Searching a website using QuickSearch is different in relation to search engines like Google or Microsoft Bing. Those search platforms using complex algorithms to provide a simple interface to the public but using a lot of artificial intelligence (AI) methods to make sense of results out of a handful of words given for a search.
Nevertheless, QuickSearch, the J1
implementation of Lunr, is simple like searching at Google but offers additional features to do searches more specifically - if wanted. QuickSearch provides an easy-to-use query language for better results - anyway!
Core concepts¶ ↑
Understanding some of the concepts and terminology that QuickSearch (Lunr) uses will allow users to provide powerful search functionality - to get more relevant search results.
Indexing documents¶ ↑
QuickSearch offers searches on all documents of the website generated by J1
but only for this site. Advantage, no internet access is done for searches because it's not needed. Searches are based on a pre-build local site full-text index loaded by the browser on a page request. The index for a site is generated by the (Jekyll
) plugin `lunr_index.rb` located in the `_plugins` folder.
The full-text index is always generated by Jekyll
at build-time:
.Index creation at buildtime
Startup the site .. Configuration file: …
Incremental build: enabled Generating... J1 QuickSearch: creating search index ... J1 QuickSearch: finished, index ready. ....
Or, if you're running a website in development mode, the index gets refreshed for all files added or modified.
.Index creation if files added, or modified
site: Regenerating: n file(s) changed at … site: … site: J1
QuickSearch: creating search index … site: J1
QuickSearch: finished, index ready.
...
Documents¶ ↑
The searchable data in an index is organized as documents that contain the text, the words (terms), that you want to be able to search on.
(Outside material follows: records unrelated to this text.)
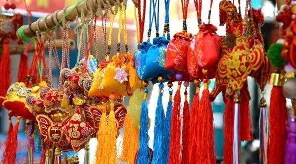中國古代崇拜五色,以五色為吉祥色。因而,端午節清晨,各家大人起床后第一件大事便是在孩子手腕上系五色線,佩戴香包。
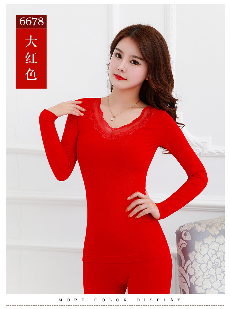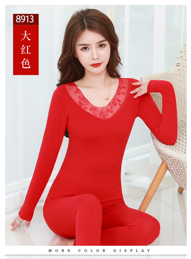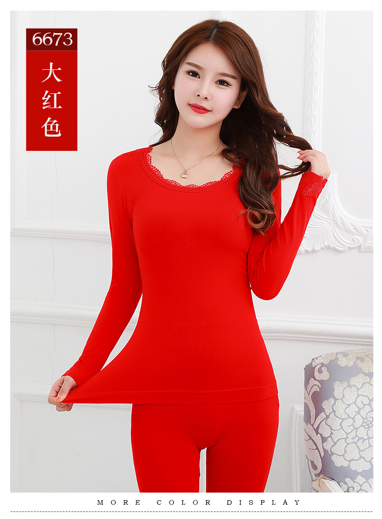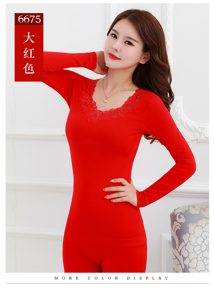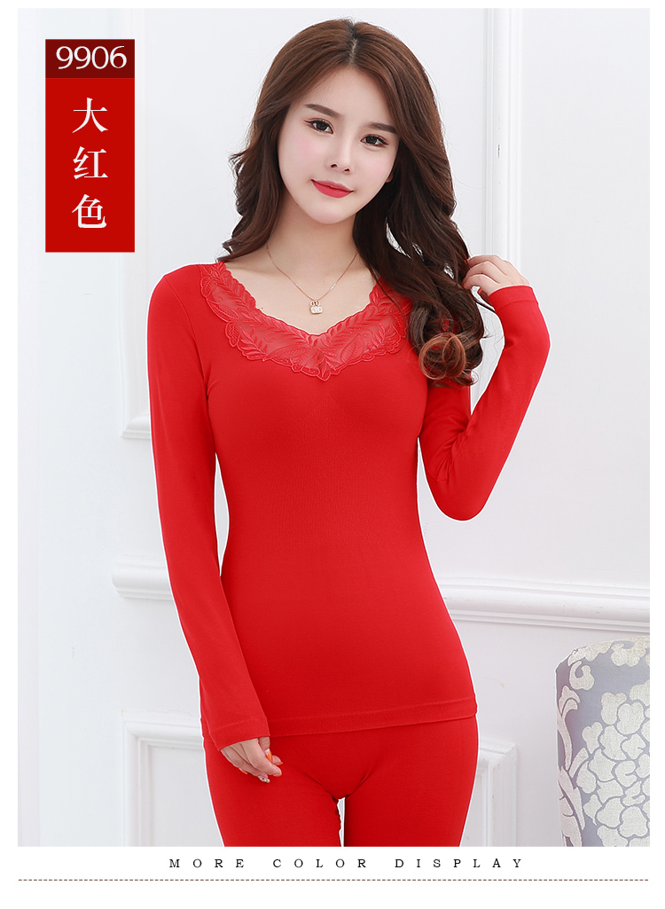 【套装+内裤+袜子】本命年大红色结婚女薄款保暖内衣套装
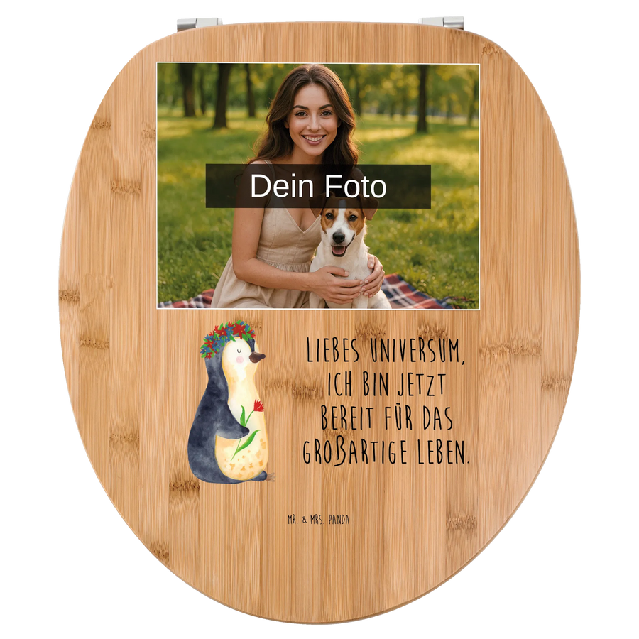 Personalisierter Foto WC Sitz Motiv Pinguin Blumen - Bambus
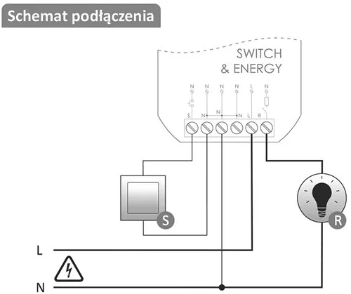 SWITCH & ENERGY Pojedynczy przekaźnik Wi-Fi 230V z funkcją monitorowania parametrów sieci.
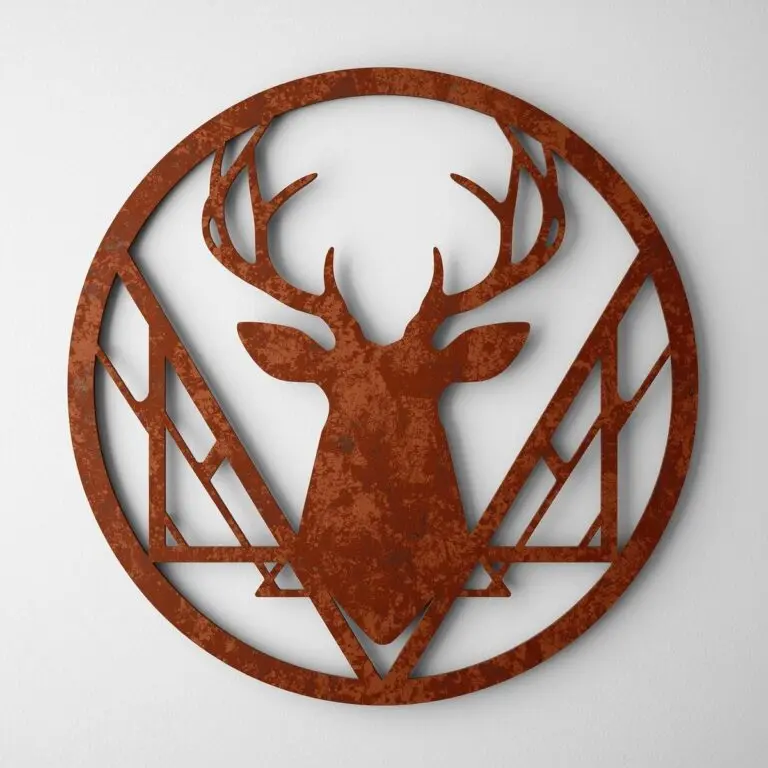 Deer II geometria linie – metalowa dekoracja ścienna z jeleniem w nowoczesnym, liniowym stylu. Rozmiary 50×50 lub 80×80 cm. Corten, proszkowa biała/czarna/złota lub stal nierdzewna. Darmowa dostawa w Polsce.

A document is a data set (JSON object) with a set of fields that are processed to create the result list for a search.
A document data set might look like this:
- source, json, role=“noclip”
{
"title": "Web in a Day", "tagline": "meet & greet jekyll", "url": "/pages/public/learn/kickstarter/web_in_a_day/meet_and_greet/", "date": "2018-05-01 00:00:00 +0000", "tags": [ "Introduction" ], "categories": [ "Jekyll", "Knowledge", "Tutorial" ], "description": "Web in a Day is the first in a series of tutorials ..."
}
In this document, there are several fields, like `title`, `tagline`, or `description`, that could be used for full-text searches. But additional fields are available, like `tags` or `categories` that can be used for more specific searches based on `identifiers`.
NOTE: The document content is collected by the (intrinsic) field `body`. To limit the size of the index data loaded by the browser, the body field is removed from a document. The `body` field not available as an explicit field for searches, but the content is fully searchable.
To do a simple full-text search as well as more specific searches, the QuickSearch core engine Lunr offers a query language, a DSL (domain-specific language). Find more about *QuickSearch|Lunr DSL* queries with the section <<Searching>>.
Scoring¶ ↑
The relevance (the `score`) of a document is calculated based on an algorithm called BM25, along with other factors. You don’t need to worry too much about the details of how this technique works. To summarize: the more a search term occurs in a single document, the more that term will increase that document’s score, but the more a search term occurs in the overall collection of documents, the less that term will increase a document’s score. In other words, seldom words count and increase the score.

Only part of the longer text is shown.